Aber, das ist kein Anlass zu Panik, liess sich Gottstein in den Mund legen. Eigentlich läuft alles bestens, vor allem, weil «wir alles daransetzen, dass die Credit Suisse gestärkt aus dieser Situation hervorgehen wird.» Das freut natürlich den gequälten Aktionär ungemein, vor allem, weil im völlig Ungefähren bleibt, wann denn «diese Situation» gestärkt verlassen wird. Und was das eigentlich heissen soll.

Selbstredend wird durchgegriffen, neu aufgestellt, «Inakzeptables» wird nicht länger akzeptiert, selbstverständlich verzichtet die Geschäftsleitung – und freiwillig auch VR-Präsident Urs Rohner – auf den Bonus fürs letzte Jahr. Das ist nett von denen, aber solange die «Key Risk Taker» sich noch jedes Jahr aus einem Bonustopf von einer Milliarde bedienen – unabhängig davon, ob sie dafür einen Milliardenverlust basteln –, kann von einem Umdenken keine Rede sein.

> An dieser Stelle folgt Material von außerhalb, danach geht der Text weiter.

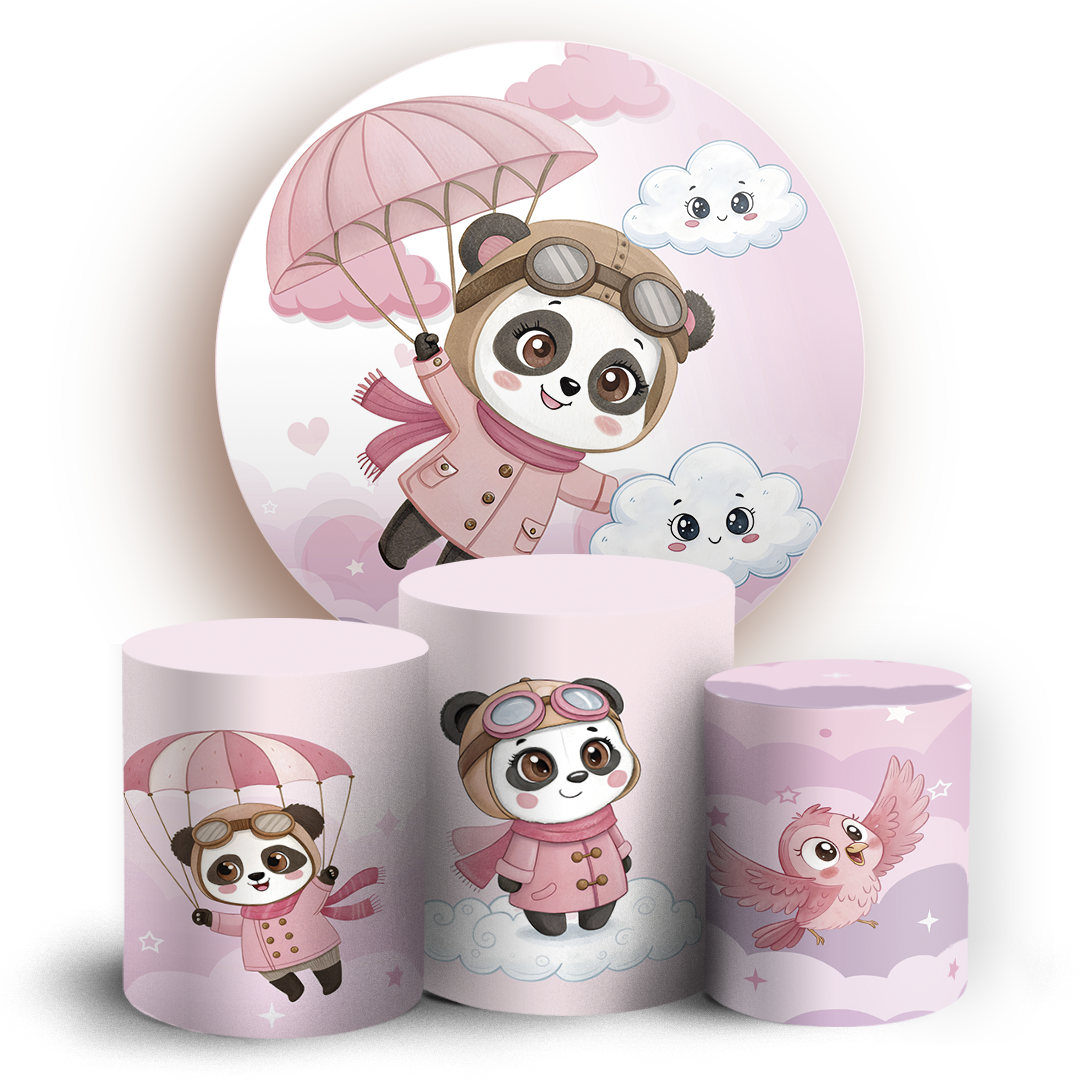 O kit Painel Redondo + Trio de capas para cilindros sublimados veste fácil, possuem acabamento overloque e elásticos nas bordas para facilitar a montagem da decoração
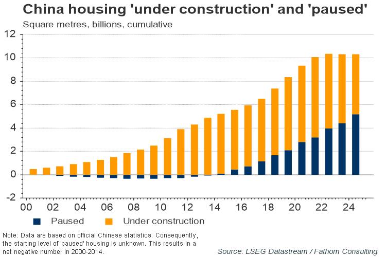 At the current rate it will take about seven years to sell the total housing stock, however official numbers do not capture the true picture. For while the total square meterage under construction has been shrinking, ‘paused’ housing, which is not reported in the official statistics, has been increasing steadily. Some of this hidden stock has likely been demolished before completion, however it still means that the true depth of China’s housing market woes is substantially more than at first glance. Couple this with China’s demographic decline, and therefore an increase in vacant homes in the future, and it looks like China’s housing market problems are here to stay.
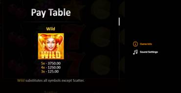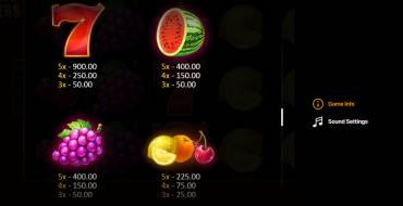 The design of the machine is simple and modest. The reels are located on a burgundy background. There is no excessive animation or bright special effects. Only highlighted winning lines and shows the total prize. Before starting the game, the user can go to the menu (button "i") and read the rules, see payout table. Then it's easy to start playing in three steps:
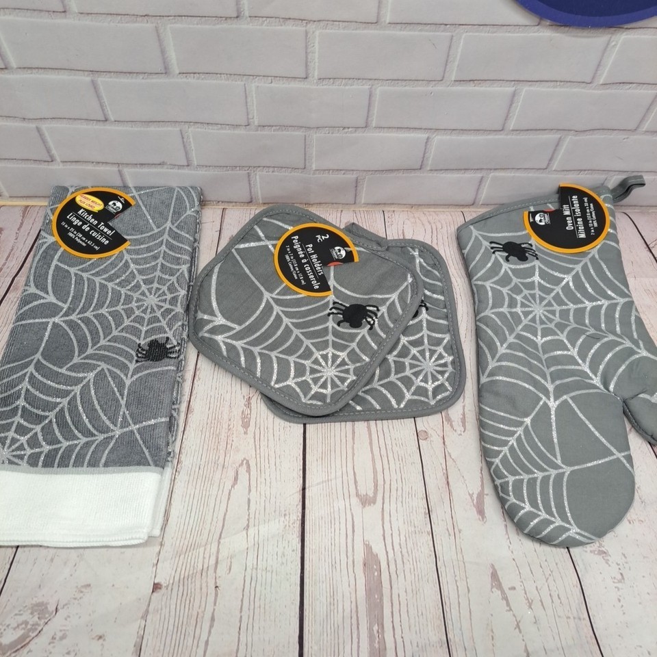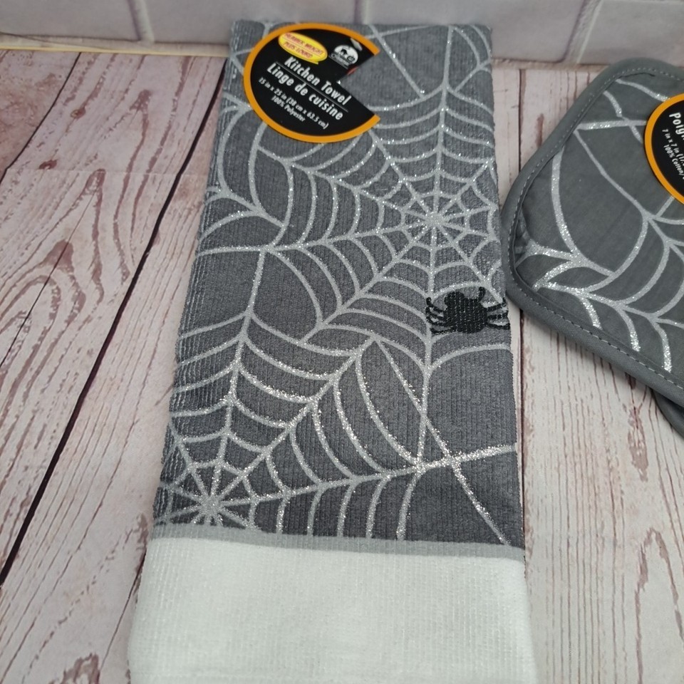 Halloween Glitter Spider Webs Kitchen 4pc Set - Towel, Pot Holders, Oven Mitt
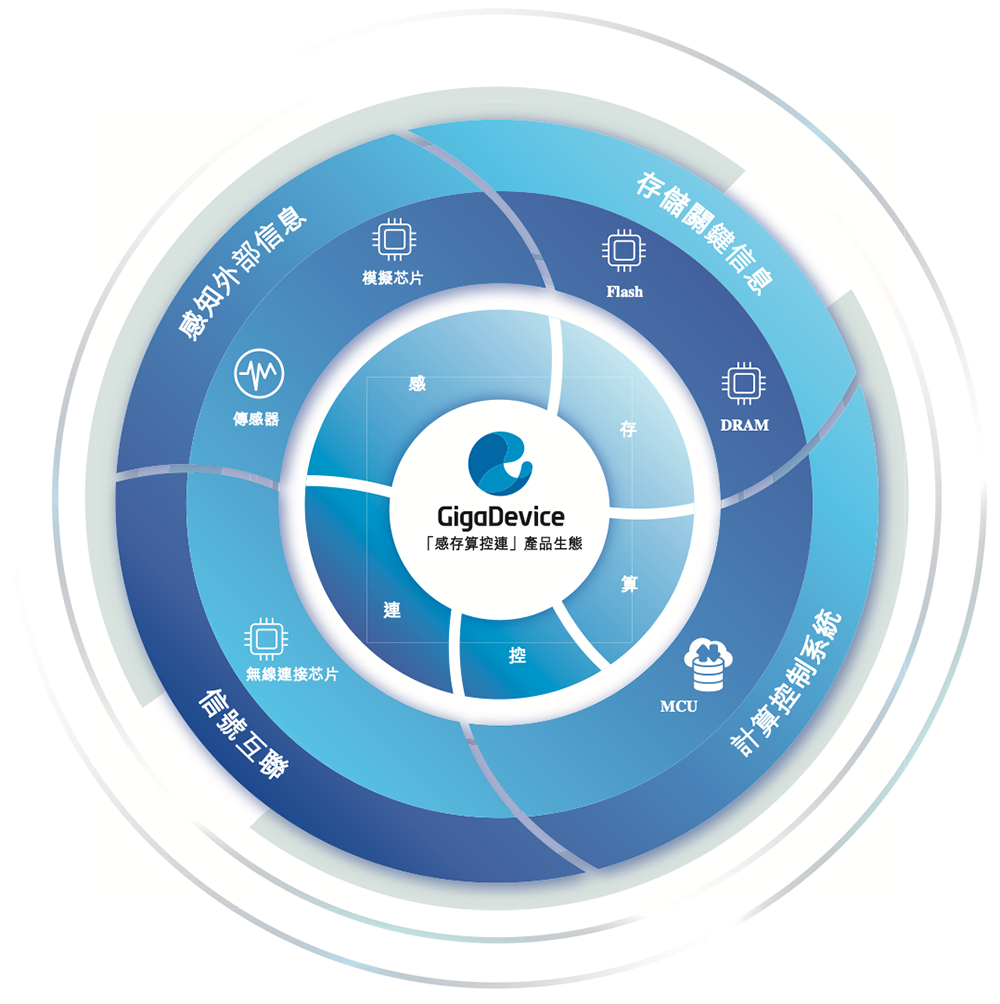 基于四大板块核心产品,兆易创新为消费电子、汽车、工业、PC及服务器、物联网、网络通讯等领域提供最佳的「感存算控连」生态协同解决方案。
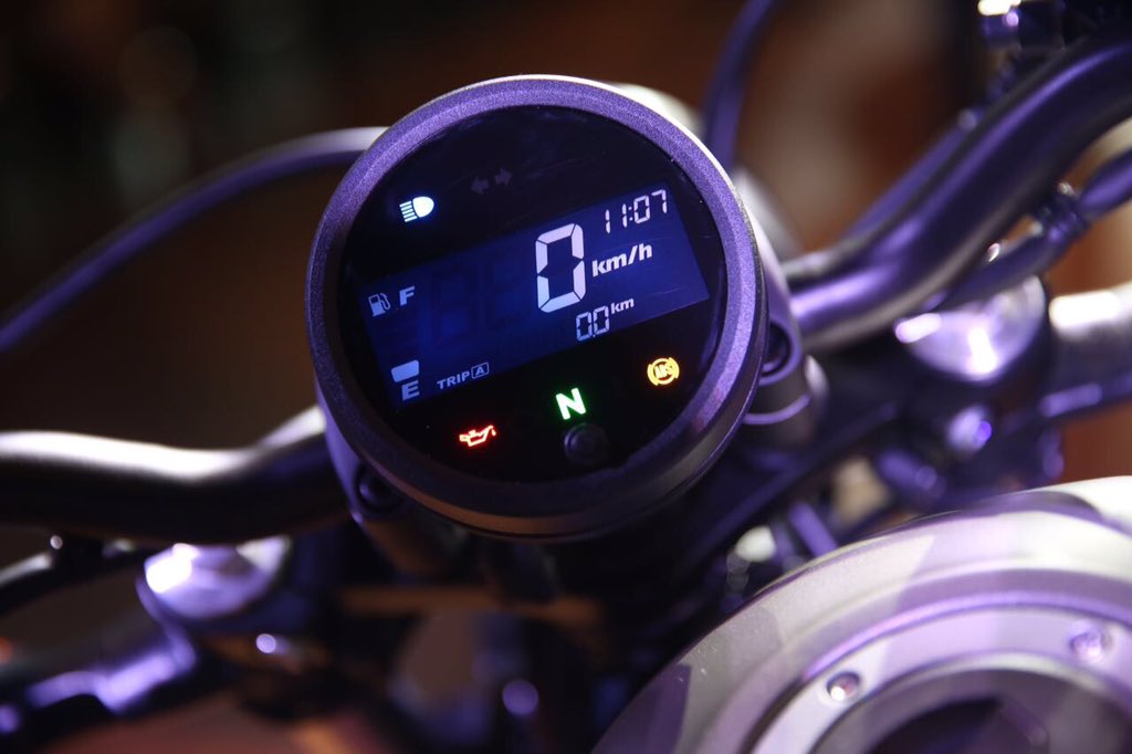 Bukan cuma hanya bentuknya yang sama sama bulat. Cluster speedometer juga mirip lho dimana bagian tengah dibuat berbentuk persegi panjang untuk menampilkan beragam informasi seperti kondisi bahan bakar, speedometer dan odometer. Namun di Rebel lebih lengkap karena ketambahan trip meter dan jam.

Damit die CS wie immer gestärkt, wie immer nach einem Schwächeanfall, «aus dieser Situation» herauskommen kann, braucht sie schlappe 1,7 Milliarden frisches Kapital. Das nimmt sie mit Zwangswandelanleihen auf. Diese Contingent Convertibles heissen in Japan «Todesspiralenanlagen». Denn sie werden zwangsweise in Aktien umgewandelt, wenn bestimmte Voraussetzungen erfüllt sind.

Bis vor Kurzem stotterte die CS noch bis zu 10 Prozent Zinsen auf die erste Runde in der Finanzkrise eins aufgenommene Gelder auf diesem Weg. So sieht dann die Quartalsbilanz so aus: Risk Management: versagt. Investment-Banking: versagt. Compliance: versagt. Geschäftsleitung: versagt. Verwaltungsrat: versagt. Das kann niemand schönreden, nicht einmal schönsaufen. Ausser, man will den CEO lächerlich machen. Corporate Communication: versagt.

 

 

1 Antwort
  1. Eveline Maier
    Eveline Maier sagte:

    Die Hypothekarbank Lenzburg ist ordentlich gut – und vorallem berechenbar unterwegs. Kenne niemanden mehr, der Aktien unserer drei Grossbanken im SMI besitzt.

    Sehr traurig, dass institutionelle Anleger oft den ganzen Index kaufen müssen.